■ **THE TASK**:
Beginning with the line containing "By examining the" and ending with the line containing "全局參數(shù)設(shè", write out each line of the records below exactly; pictures and lines outside that range are left out.

■ **SOURCE RECORDS**:
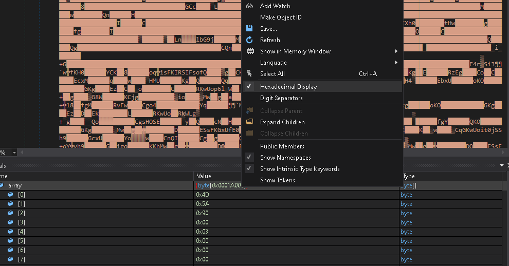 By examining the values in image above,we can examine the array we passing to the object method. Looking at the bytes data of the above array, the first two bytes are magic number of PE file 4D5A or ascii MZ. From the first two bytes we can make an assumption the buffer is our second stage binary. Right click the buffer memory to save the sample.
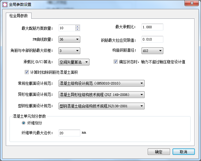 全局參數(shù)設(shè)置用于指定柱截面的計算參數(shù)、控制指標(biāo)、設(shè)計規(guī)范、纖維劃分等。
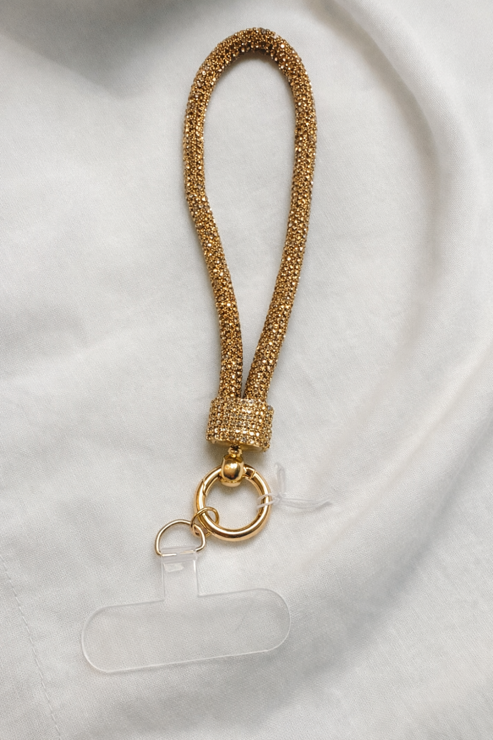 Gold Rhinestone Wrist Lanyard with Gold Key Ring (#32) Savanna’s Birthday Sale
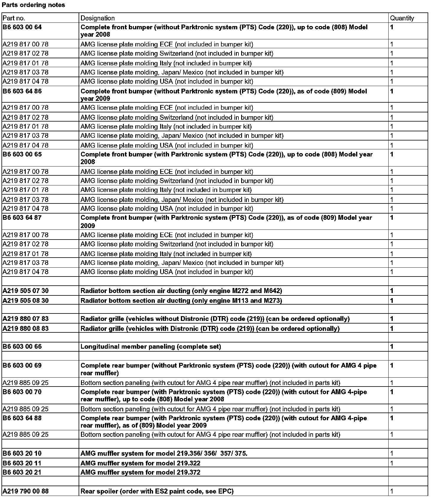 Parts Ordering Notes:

* * *

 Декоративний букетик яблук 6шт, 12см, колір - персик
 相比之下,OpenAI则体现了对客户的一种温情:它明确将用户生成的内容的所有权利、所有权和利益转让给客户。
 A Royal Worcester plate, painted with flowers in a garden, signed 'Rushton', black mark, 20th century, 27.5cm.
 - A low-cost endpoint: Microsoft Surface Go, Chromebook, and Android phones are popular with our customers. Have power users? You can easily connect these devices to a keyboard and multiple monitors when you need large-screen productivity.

--

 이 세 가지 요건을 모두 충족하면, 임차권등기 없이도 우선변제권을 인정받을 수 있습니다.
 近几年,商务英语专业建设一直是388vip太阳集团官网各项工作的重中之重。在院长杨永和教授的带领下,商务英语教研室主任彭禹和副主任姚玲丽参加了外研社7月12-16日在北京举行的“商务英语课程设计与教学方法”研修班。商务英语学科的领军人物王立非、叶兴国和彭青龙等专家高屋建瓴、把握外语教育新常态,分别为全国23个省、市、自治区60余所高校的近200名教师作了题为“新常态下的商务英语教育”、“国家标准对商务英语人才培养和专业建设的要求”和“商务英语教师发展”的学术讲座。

■ **OUTPUT BELOW**:
 By examining the values in image above,we can examine the array we passing to the object method. Looking at the bytes data of the above array, the first two bytes are magic number of PE file 4D5A or ascii MZ. From the first two bytes we can make an assumption the buffer is our second stage binary. Right click the buffer memory to save the sample.
 全局參數(shù)設(shè)置用于指定柱截面的計算參數(shù)、控制指標(biāo)、設(shè)計規(guī)范、纖維劃分等。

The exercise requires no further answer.